In a less philosophical vein, Dickens followed up on his implicit criticism of the operation of the Doctors' Commons, teaming up with his subeditor G. H. Wills on a journalistic expose in Household Words that fall. In a series of five articles, the pair attacked the institution as hopelessly outdated and painfully slow in processing claims and prosecuting searches.

However, this attitude was nothing new for Dickens, who had lampooned the operations and personages of the Prerogative Court in the 1836 sketch "Doctors' Commons." In this satirical jeu d'esprit, having taken us down "Paul's Chain" and across a quiet and shady cobble-stoned court-yard near St. Paul's Cathedral, the man-about-town walks us through "a small, green-baized, brass-headed-nailed door" (86), and into an ancient wainscoted semicircular apartment where an excommunication hearing is in progress. The antagonists today in the Arches Court are the delightfully named Michael Bumple and ginger-beer vendor Thomas Sludberry, whose altercation had led to a charge of "brawling," which, "under a half-obsolete statute of one of the Edwards," carries the no-longer significant ecclesiastical penalty if the battery occurs "in any church, or vestry adjoining thereto" (88). No matter that nothing physical transpired in the vestry-meeting, and that only heated words of the "You be blowed" variety were actually exchanged:

The red-faced gentleman in the tortoise-shell spectacles took a review of the case, which occupied half an hour more, and then pronounced upon Sludberry the awful sentence of excommunication for a fortnight, and payment of costs of the suit. (89)

When the amiable and eminently practical beverage-seller, clearly a non-practising Anglican or atheist, enquires whether, in exchange for a life sentence, he might be permitted to forego the costs entirely, the judge responds with a look of incredulity and "virtuous indignation," dumbfounded — much to the reader's delight.

After the comedic courtroom interchange, Dickens's observer accompanies us into the Prerogative Office, where clerks are copying deeds and hopeful legatees are poring over thick vellum volumes, searching for the wills of rich, deceased relatives. One little, elderly reader seems utterly perplexed and bewildered by technicalities in the fifty-year-old document he examines. Another seeker, with a hard-featured and deeply wrinkled visage, the very epitome of avarice with toothless mouth and "sharp keen eyes," discovers how he may buy out the interest of a poverty-stricken legatee for a mere twelfth of the estate's true value:

The old man stowed his pocket-book carefully in the breast of his great-coat, and hobbled away with a leer of triumph. That will had made him ten years younger at the lowest computation. (90)

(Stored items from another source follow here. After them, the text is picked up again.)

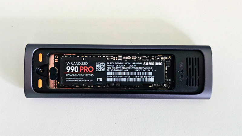 У этого корпуса в комплекте: универсальный кабель USB-A (Type-C) - Type-C, отвертка для откручивания нижней крышки, резиновый чехол на корпус, силиконовая прокладка на SSD для отвода тепла, руководство пользователя.
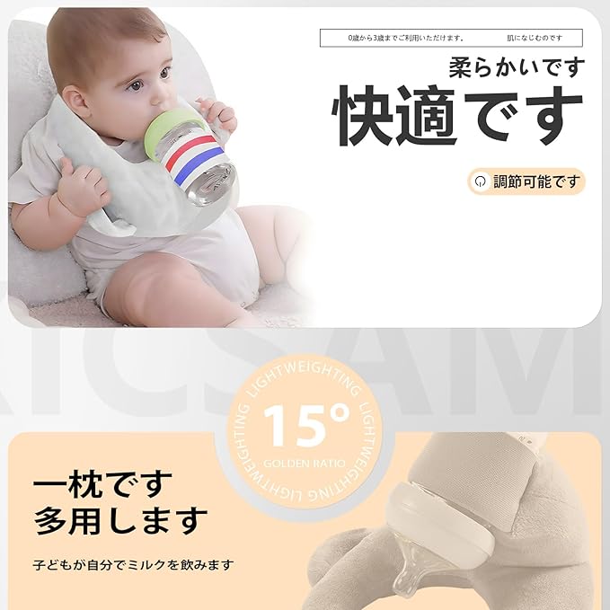 ハンズフリー授乳で育児がラクに:手を使わず授乳可能。腕や肩の負担を軽減し、ママ・パパの負担を軽くします
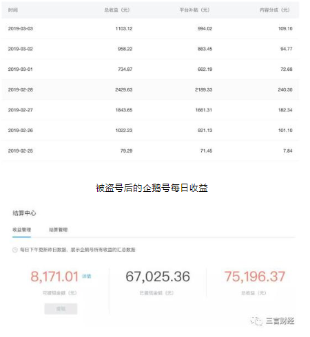 被盗号后的企鹅号每日收益被盗号后的企鹅号每日收益
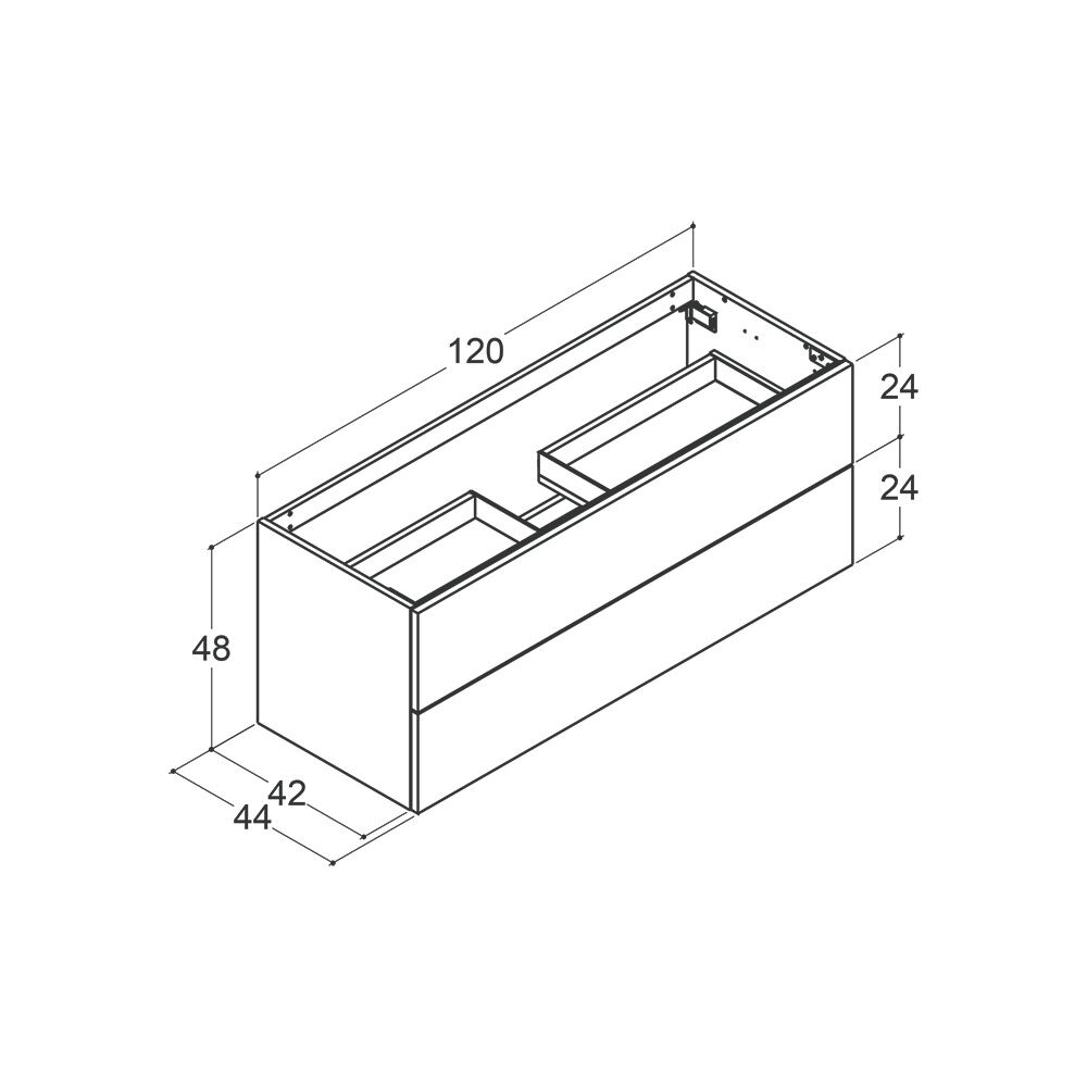The 2-drawer vanity unit is a simple upgrade for your bathroom. This stylish unit stands 48 cm high and has a projection of 44 cm, making it perfect for organizing your belongings. Choose from a variety of colors to match your style. The vanity unit offers intelligent storage for your bathroom products, helping you stay organized with ease. With the 2-drawer vanity unit, you get both functionality and a beautiful addition to your bathroom. Enhance your space with elegance and organization using this stunning vanity unit. NB: There is a start-up fee (BI2) for products with bespoke colour. It is an one-off surcharge per bespoke colour regardless number of products. Remember to add the little practical things to your bathroom furniture that you will enjoy on a daily basis. For example, lights in drawers and cabinets, built-in electrical sockets and dimmed sensor lights under the furniture to guide night-time bathroom visits. Options are ordered at the same time as your furniture.
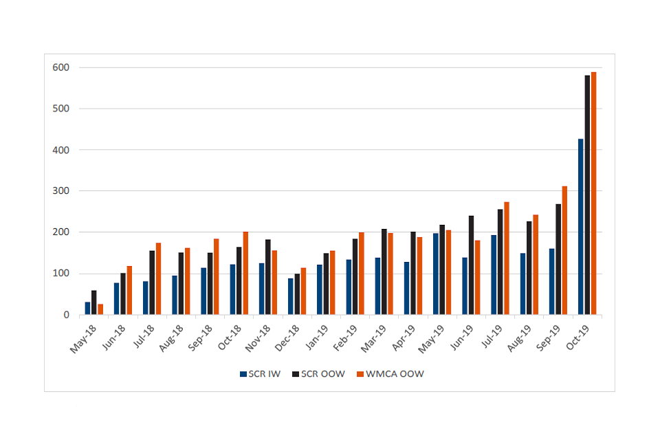 The trials recruited between 8 May 2018 and 31 October 2019. Over this time, 9,785 individuals were randomised. Table 1.1 shows that, of these, 4,896 were assigned to the treatment group and 4,889 were assigned to the control group. Among recruits as a whole, this 50/50 split was visible within all trial groups: SCR IW, SCR OOW and WMCA.
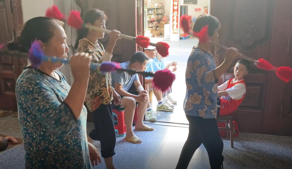78岁的谭爷爷热情地为队员们介绍“霸王鞭”的渊源:“这霸王鞭传承百余年啦,以前苗家儿女庆丰收、迎佳节时就会跳,鞭上彩绸选正红、明黄,就图个喜庆。”正说着,屋内几位苗族奶奶手持霸王鞭起身,伴随着《踩堂歌》的旋律翩翩起舞。只见鞭梢轻点膝盖,再反手击向手肘,红绸在空中翻飞,鞭身与骨节碰撞出清脆的节奏,霸王鞭的叮当声与歌声交织,弥漫在整个院落。几位苗族奶奶现场表演,伴随着《踩堂歌》旋律,舞动霸王鞭。实践团成员专注记录动作细节,用手机拍摄视频留存资料,并与奶奶们深入交流,询问动作要领与传承困境。
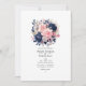 Marine et faire-part de mariage floral roux. Le code QR au verso dirige vers votre site mariage où les gens peuvent en savoir plus et rsvp.
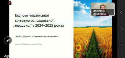 3 квітня 2025 року викладачі кафедри рослинництва та садівництва імені професора В.В.Калитки та здобувачі вищої освіти спеціальностей Агрономія та Садівництво та виноградарство відвідали відкриту онлайн лекцію «Розвиток та перспективи українського аграрного експорту» спікером якої була радник Міністра Аграрної Політики та продовольства України Владислава Магалецька. Захід відбувся за підтримки проєкту Агрокебети.

Walking out of the dingy room with its worm-eaten volumes redolent with the odour of the grave, the narrator considers how petty are the greed and hatred, jealousies and revenges of the living when juxtaposed with sightless, soundless nature of eternity in this dilapidated temple of black-letter law:

How many men as they lay speechless and helpless on the bed of death, would have given worlds but for the strength and power to blot out the silent evidence of animosity and bitterness, which now stands registered against them in Doctors' Commons! (91)

References

Bentley, Nicholas, Michael Slater, and Nina Burgis. The Dickens Index. Oxford and New York: Oxford U P, 1990.

Dickens, Charles. The Personal History of David Copperfield. The Centenary Edition of the Works of Charles Dickens in 36 Volumes. London & New York: Chapman & Hall, Charles Scribner's Sons, 1911.

—. "Doctors' Commons." Ch. 7, Sketches by Boz. The Oxford Illustrated Dickens. Oxford and Toronto: Oxford U P, 1987. Pp. 86-91.

Miller, Thomas [pseudonym: Godfrey Malvern]. "Prerogative Court, Doctors' Commons." Ch.12, Picturesque Sketches of London, Past and Present. The Illustrated London News, 1 June 1850. Page 399.